Following withdrawal of the Travoprost eye drops, resolution of macular edema was noted in OCT and is maintaining a vision of 6/9 in both eyes.
Watanabe et al reported CME cases that developed when latanoprost treatment was initiated after 3 years of treatment with preservative-containing unoprostone. 14 CME has similarly been reported when latanoprost was added to a drug regimen that already included several types of eye drops containing preservatives. 15, 16, 17 While preservatives may promote latanoprost-induced CME, the preservatives alone do not provide a sufficient explanation for the development of this condition. Esquenazi studied a case of CME induced by benzalkonium chloride-free travoprost.18 According to study by Ayyala RS et al,11 Callanan D et al,16 CME can even appear several years after the surgery. Ohrloff C et al 19 says that in cases without the known risk factors for CME, the condition may develop because of temporary damage to the blood–aqueous barrier immediately after surgery. In cases involving known risk factors, the damage to the blood–aqueous barrier is protracted, resulting in the continuance of conditions that lead to CME in the long term.
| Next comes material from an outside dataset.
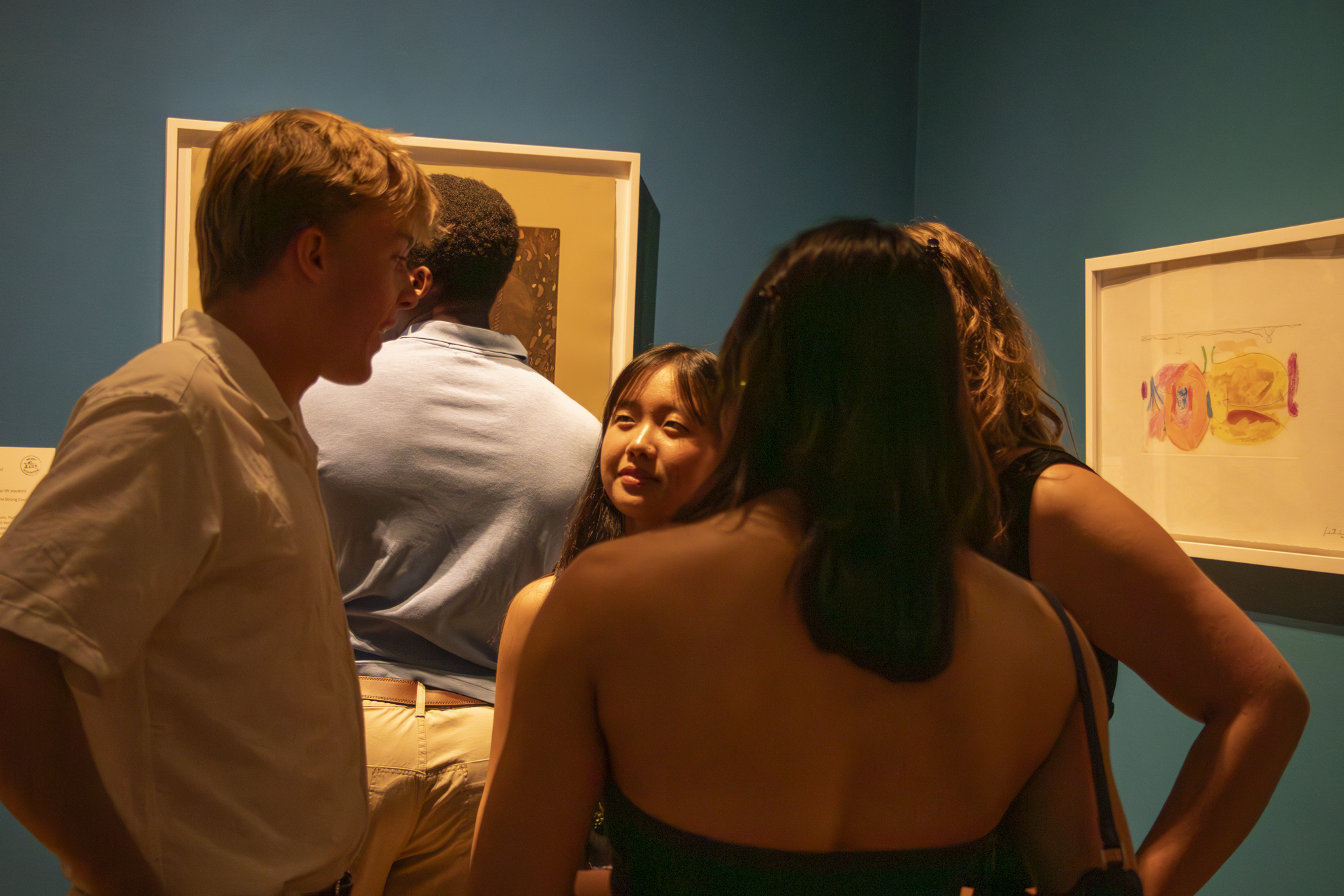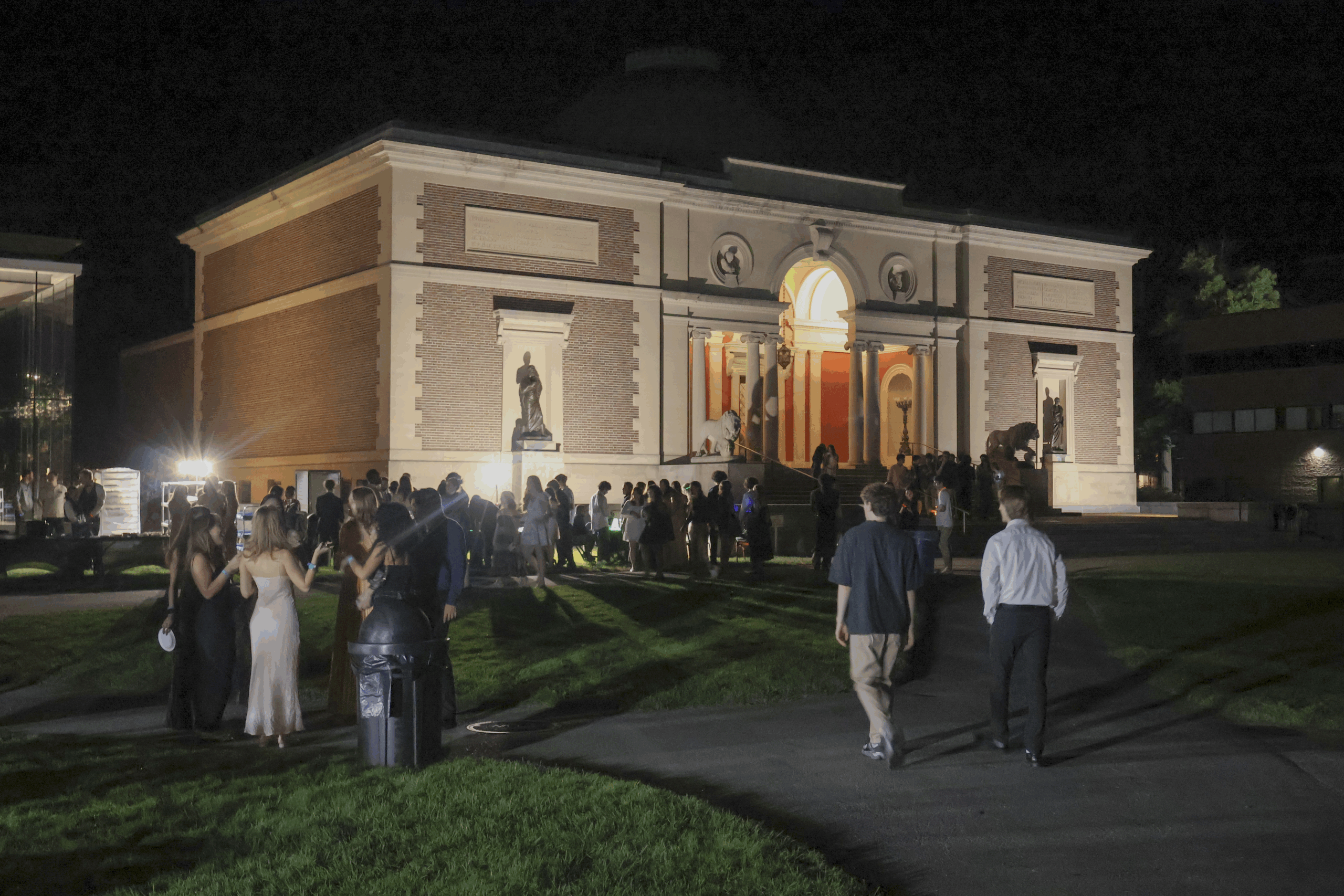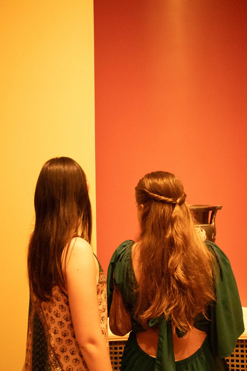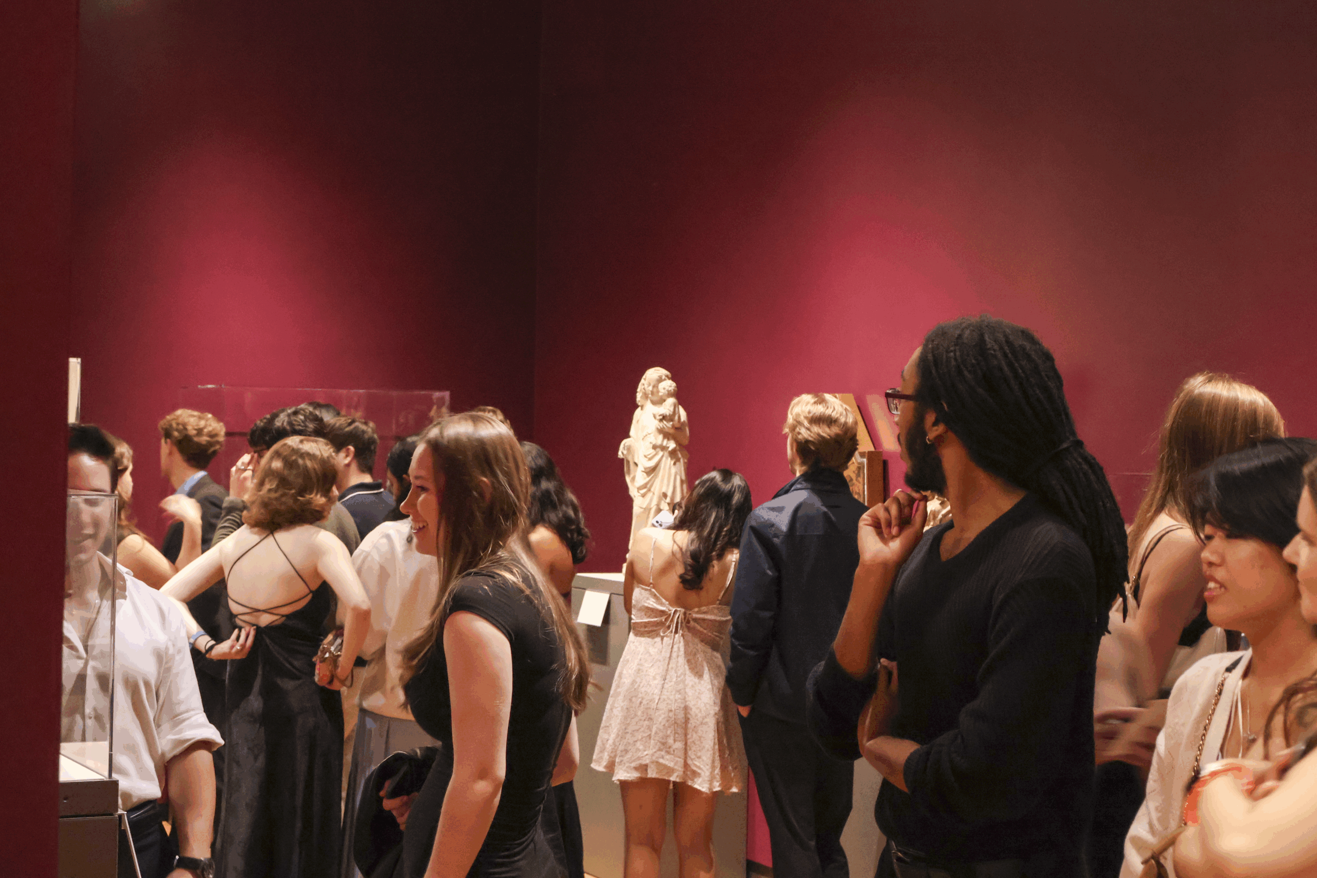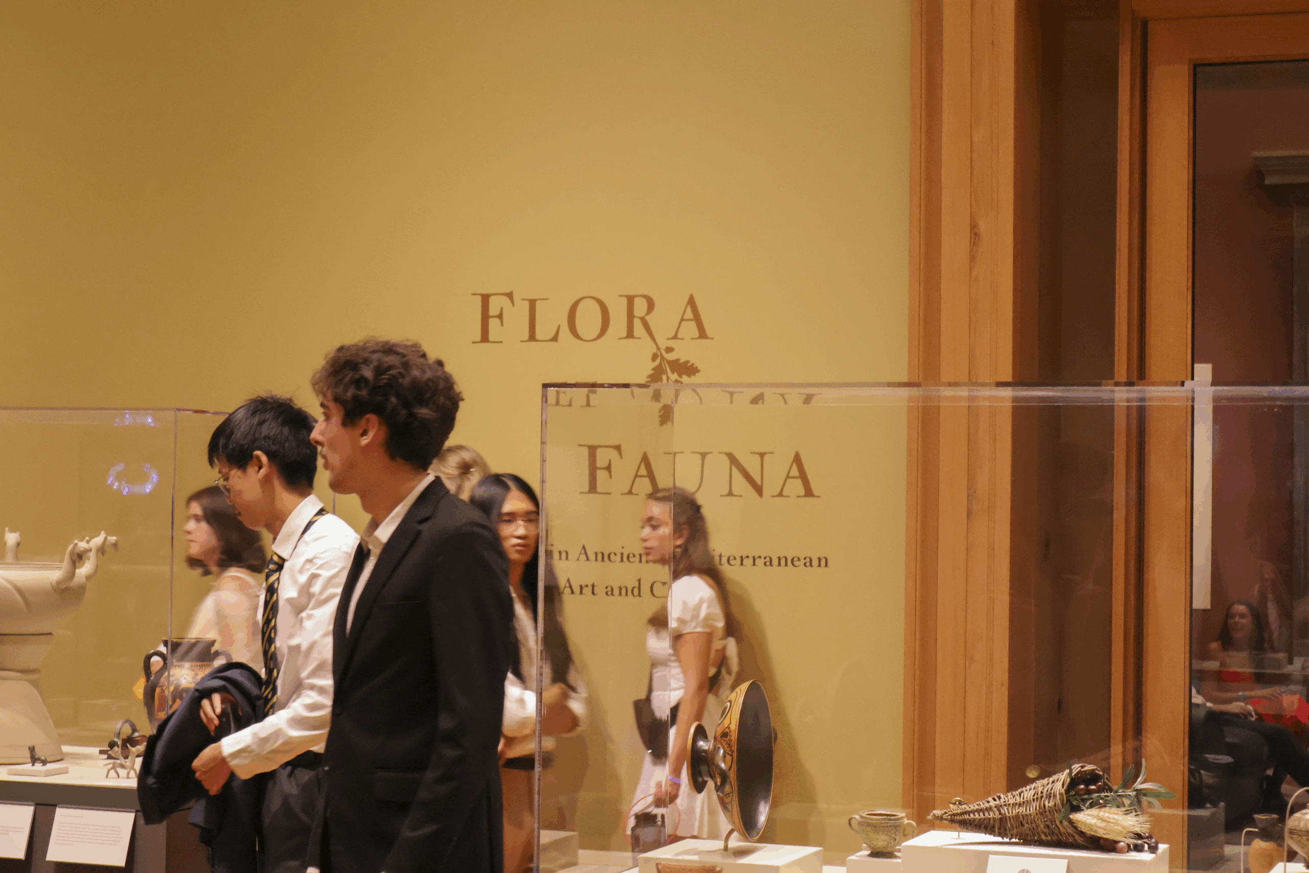 Some Friday evening deep into the throes of each semester, cocktail dresses, wrinkled suits and funky corduroy pants find an occasion to emerge: Student Night at the Museum. Among charcuterie spreads and a bar calling back to some Great Gatsbyian image of luxury, students gather under the pretense of seeing art. The event is better described as a sort of performative contemplation, often under the influence of some tasteful imbibing and in the jovial company of friends. Photographs abound—both sprawling across the exhibition walls and posed artfully among statues, lions and imposing portraits. From Lois Langbein, the wonderfully inviting security guard, to the crowds milling about increasingly cramped gallery spaces or dodging runaway sprinklers, this mosaic of moments seeks to create a stained glass window of the weekend: vibrant, glittering alive.

A 65-year-old patient with diabetic retinopathy with good systemic control and primary open angle glaucoma (POAG) on treatment with Travoprost eye dropspost iridotomy showed signs of macular edema on OCT. It was found that on withdrawal of the travoprost eye drops, it resulted in reduction of Cystoid macular edema (CME).
Hence differentiation of diabetic macular edema and cystoid macular edema secondary to Prostaglandin analogue has to be made at the earliest.
Moreover, the current findings suggest that the prostaglandin eye drops that potentially led to the CME can be resumed under careful observation.
Despite our decision to stop prostaglandin in our patient, there is no gold standard among clinicians on this issue, reflecting the absence of definitive evidence that prostaglandins really do cause CME and the association between ocular hypotensive lipids and cystoid macula edema continues to be subject of debate.
Although multiple case reports of individual prostaglandin analogues being suggested as the cause of CME, there is currently no consensus or recommendation regarding the use of these medications, there is a need to conduct similar studies on a larger scale for better prevention and management of cystoid macular edema (CME) among patients with diabetic retinopathy.